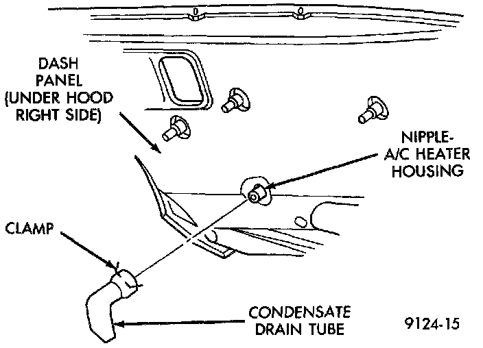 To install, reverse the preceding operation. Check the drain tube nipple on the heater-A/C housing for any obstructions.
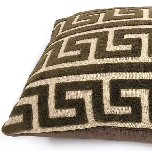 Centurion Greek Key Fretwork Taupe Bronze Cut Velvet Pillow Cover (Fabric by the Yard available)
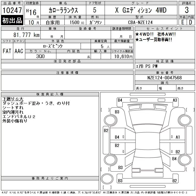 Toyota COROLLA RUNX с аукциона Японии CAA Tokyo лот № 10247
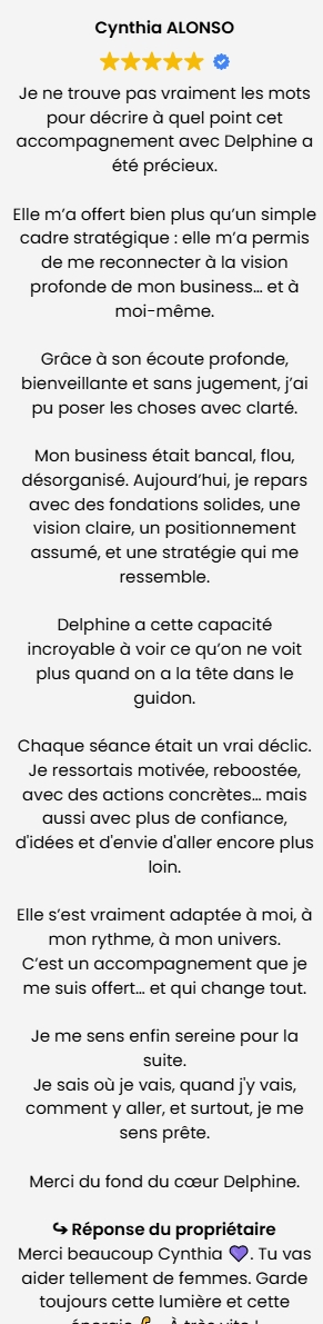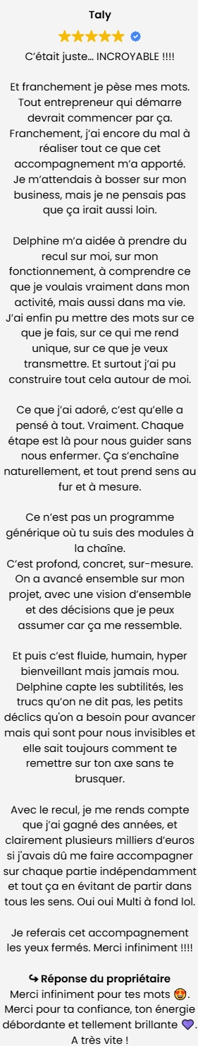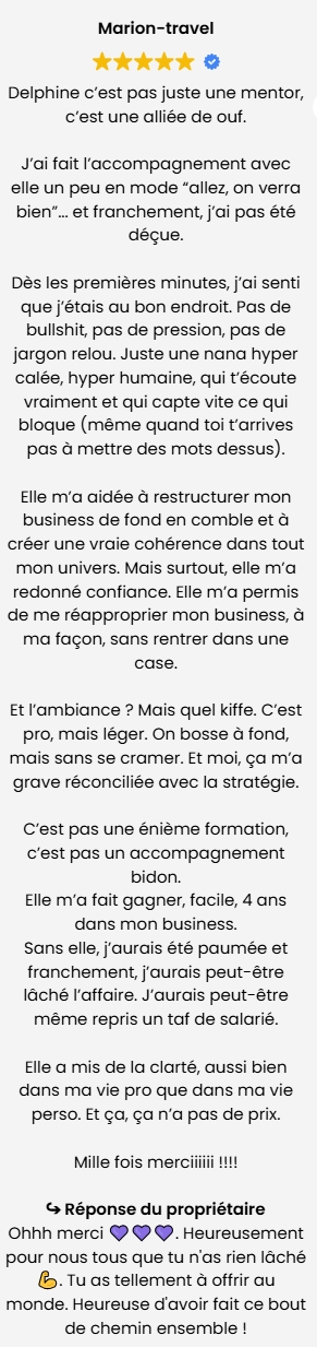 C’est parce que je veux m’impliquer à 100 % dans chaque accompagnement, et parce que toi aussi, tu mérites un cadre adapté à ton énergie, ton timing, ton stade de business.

• [Work item]: All lines from the one containing "Centurion Greek Key" to the last line of the data above, both included, should be printed exactly, and the pictures should not appear.

• [Task response]:
 Centurion Greek Key Fretwork Taupe Bronze Cut Velvet Pillow Cover (Fabric by the Yard available)
 Toyota COROLLA RUNX с аукциона Японии CAA Tokyo лот № 10247
 C’est parce que je veux m’impliquer à 100 % dans chaque accompagnement, et parce que toi aussi, tu mérites un cadre adapté à ton énergie, ton timing, ton stade de business.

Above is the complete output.